Your task: Please reproduce exactly, and only, the lines from the one with "Urządzenie służy do" through the last line of the listing below, both ends included, leaving out the pictures.

Information shown:

════════════════

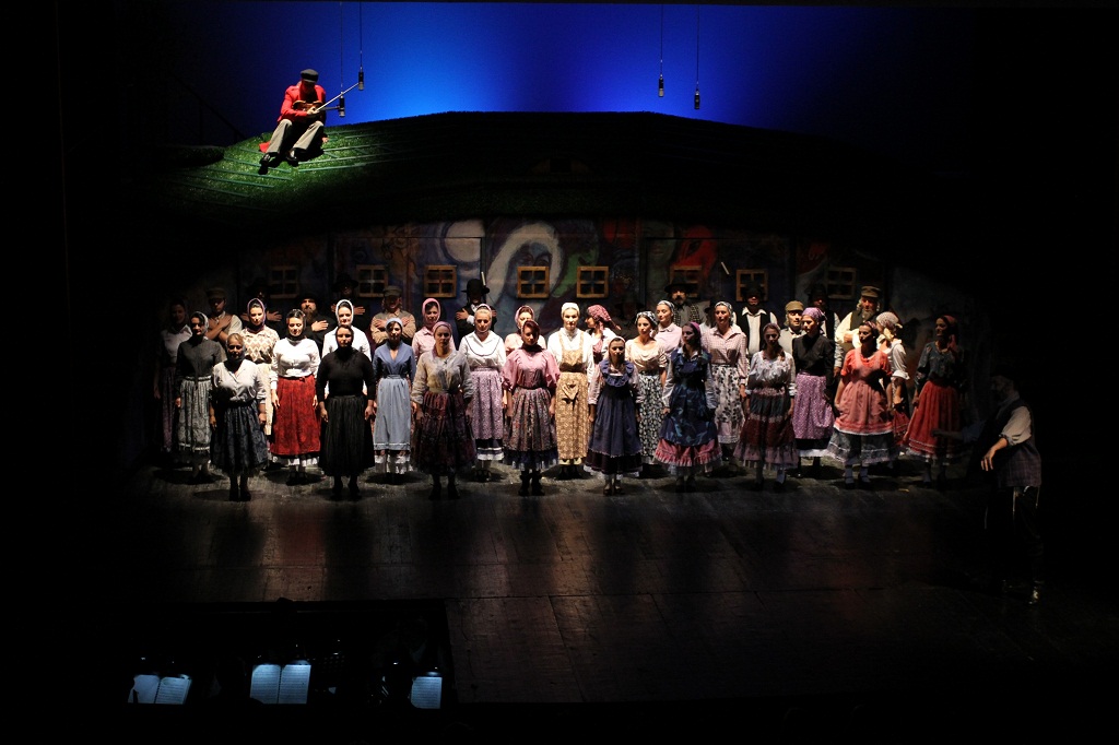 Scripcarul pe acoperiş este o producţie monumentală, cu decoruri impunătoare, o distribuţie mare care necesită voci bune, coregrafie complexă, orchestră live şi costume autentice.
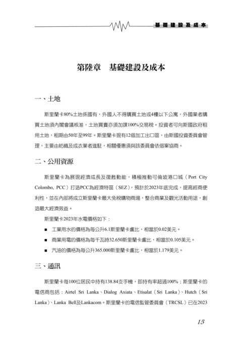 第陸章 基礎建設及成本
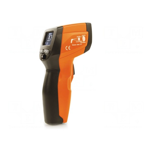 Urządzenie służy do bezdotykowego pomiaru temperatury w zakresie od -50°C do 380°C. Wykorzystuje technikę podczerwieni przy stałej wartości emisyjności 0,95 oraz rozdzielczości optycznej 12:1. Wyniki pomiarów prezentowane są z rozdzielczością 0,1°C w jednostkach stopni Celsjusza lub Fahrenheita, przy dokładności podstawowej wynoszącej ±(1% + 1°C).
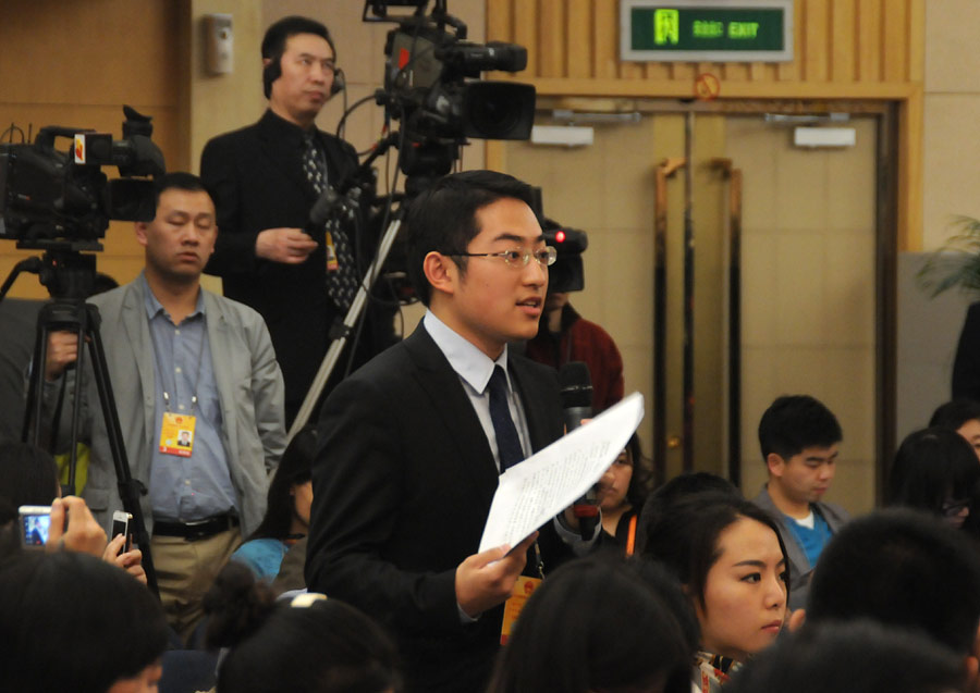 3月7日(星期四)下午3时,十二届全国人大一次会议新闻中心在梅地亚中心多功能厅举行记者会。科技部部长万钢将就“创新驱动发展战略”的相关问题回答中外记者的提问。图为央视记者提问。 翟子赫 摄

════════════════

Exercise response:
 Urządzenie służy do bezdotykowego pomiaru temperatury w zakresie od -50°C do 380°C. Wykorzystuje technikę podczerwieni przy stałej wartości emisyjności 0,95 oraz rozdzielczości optycznej 12:1. Wyniki pomiarów prezentowane są z rozdzielczością 0,1°C w jednostkach stopni Celsjusza lub Fahrenheita, przy dokładności podstawowej wynoszącej ±(1% + 1°C).
 3月7日(星期四)下午3时,十二届全国人大一次会议新闻中心在梅地亚中心多功能厅举行记者会。科技部部长万钢将就“创新驱动发展战略”的相关问题回答中外记者的提问。图为央视记者提问。 翟子赫 摄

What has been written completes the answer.